Step 5: Use Advisor As Cross-Check
If advisor artifacts are not already available and msprof-analyze can be executed, run it on the selected single-card profiling directory:
msprof-analyze advisor all -d <single_card_profiling_path> -o <advisor_output_path>
Advisor execution rules:
- Always pass
-o. Advisor creates new deliverables on every execution, so do not rely on the default output location. - Make
<advisor_output_path>descriptive enough to identify the analyzed data. Include useful features such as rank id, scenario, for exampleadvisor_rank3_compute,advisor_rank0_prefill, oradvisor_rank7_decode. - For multi-card input,
<single_card_profiling_path>must be the selected target-rank profiling directory, not the cluster root. - Record the exact command and output path used.
Advisor commonly emits both HTML and XLSX artifacts. Prefer XLSX as the primary machine-readable source.
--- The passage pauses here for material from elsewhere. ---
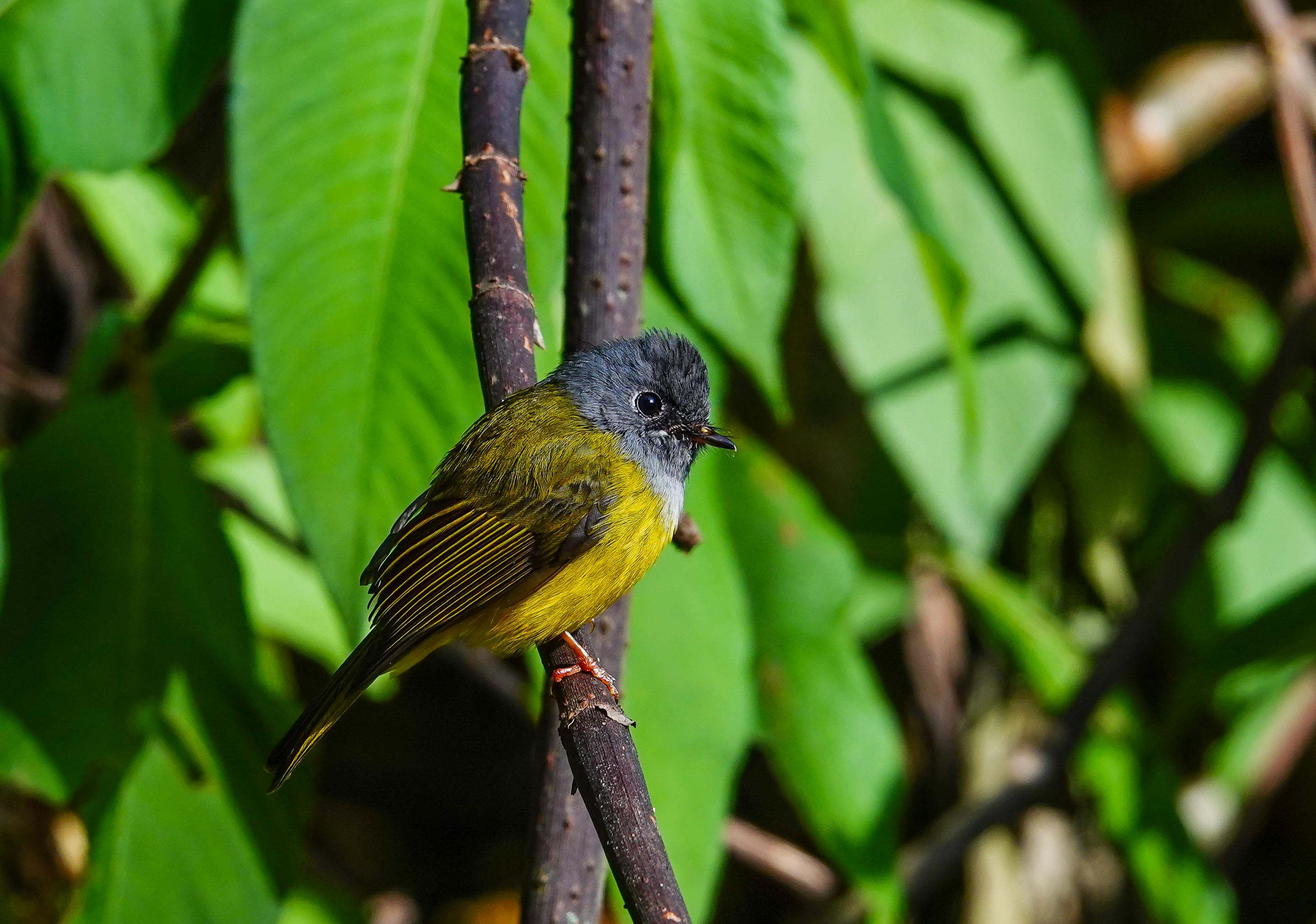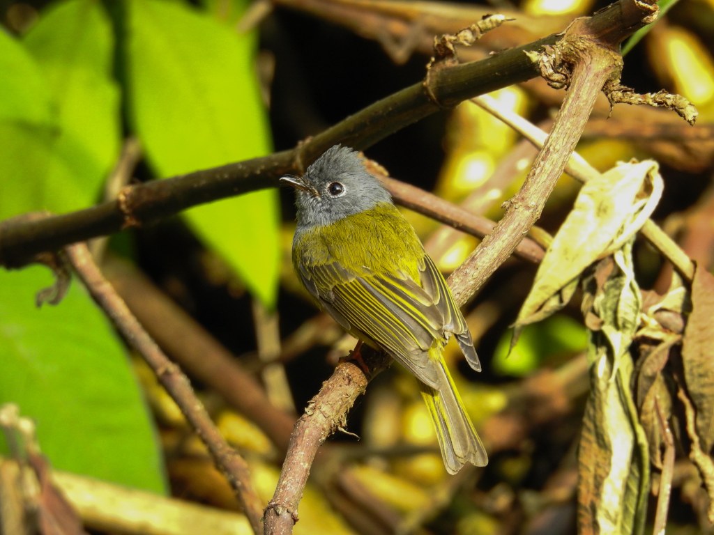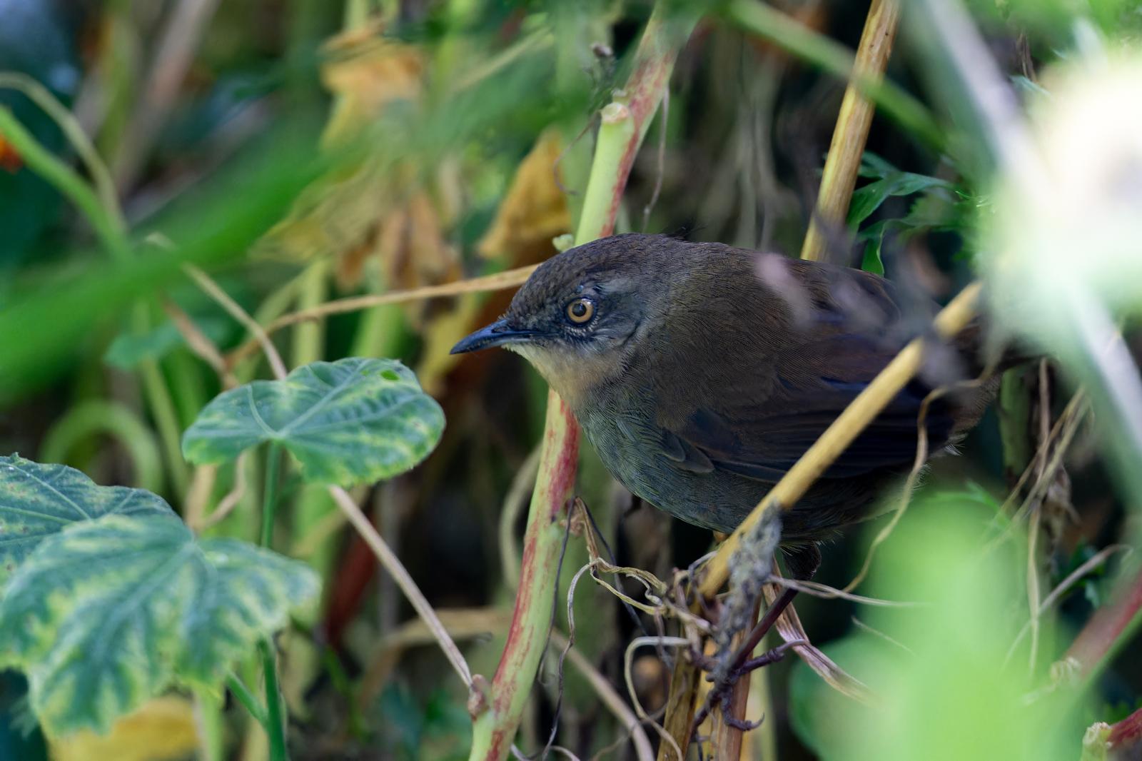 Sri Lankan Bush Warbler! (E29) poked its head out briefly…between 4 cameras and many many shots…this was the only shot that was good! (Picture courtesy of H Tan)..Indeed though we heard the bush warbler in several other locations, it was never seen again!whilst waiting for the bush warbler, some friendly grey headed canary flycatchers entertained usgrey headed canary flycatcher

Use HTML only when the XLSX file is missing, incomplete, or unreadable.
Use advisor to:
- Find known rule-based problems.
- Provide additional evidence for optimization direction.
Do not use advisor to:
- Replace the overview.
- Decide priority without checking time impact.
- Copy generated text into the final answer.
Relevant computation-related advisor sheets or issue names include:
AICPU IssuesOperator Dynamic Shape IssuesAI Core Performance AnalysisCube Operator Perf AnalysisFA Operator Perf AnalysisVector Operator Perf AnalysisBlock Dim IssuesOperator No Bound IssuesAI Core Frequency IssuesAffinity API Issues
Advisor reading rules:
- Read the overview or problem summary first, the sheet name should be
问题综述orproblems. It also contains suggestions for every problem. - List actual sheet names before assuming a sheet exists.
- Read only triggered computation-related sheets by default.
- Re-rank advisor findings by measured time impact.
Output of this step:
- Advisor findings that support existing evidence.
- Advisor findings that add new hypotheses.
- Advisor findings that appear low-impact or unsupported.
Step 6: Consult References
After operator and sequence drill-down, consult references as needed:
- Read
references/failure_handbook.mdto map evidence to likely contributing factors and to avoid common false positives. - Read
references/fusion_rules.mdonly when repeated operator sequences, small-operator overhead, vector-heavy sequences, or fusion opportunities are observed.
Use them as a handbook for interpreting evidence. A finding may match multiple patterns, and some cases may remain inconclusive.
Step 7: Prioritize Findings And Recommend Next Actions
Prioritize by:
- Time impact.
- Evidence strength.
- Likelihood that the proposed change is actionable.
- Risk or invasiveness of the change.
Prefer recommendations framed as next experiments:
- What to change.
- What metric should improve.
- What evidence would confirm or reject the hypothesis.
Output Format
The final answer should follow this shape:
- Summary: main performance story and confidence.
- Evidence: key timings, counts, ratios, ranks, streams, operators, or advisor findings.
- Likely contributing factors: multiple factors are allowed; avoid forcing one root cause.
- Recommendations: concrete next experiments or code/model changes, ordered by expected impact.
- Limitations: missing fields, degraded profiler level, unavailable advisor sheets, or incomplete rank data.
Avoid:
- Full raw tables.
- SQL dumps.
- Advisor text replay.
- Recommendations without time-impact evidence.
- Overstating conclusions when fields are missing.
Degraded Modes
If ideal data is missing, continue with a clear limitation.
- No DB but CSV exists: use CSV summaries.
level0data: avoid strong shape, dtype, format, ratio, and block-dim conclusions.- No advisor output: continue with raw profiling evidence.
Never block the analysis solely because one preferred artifact is missing.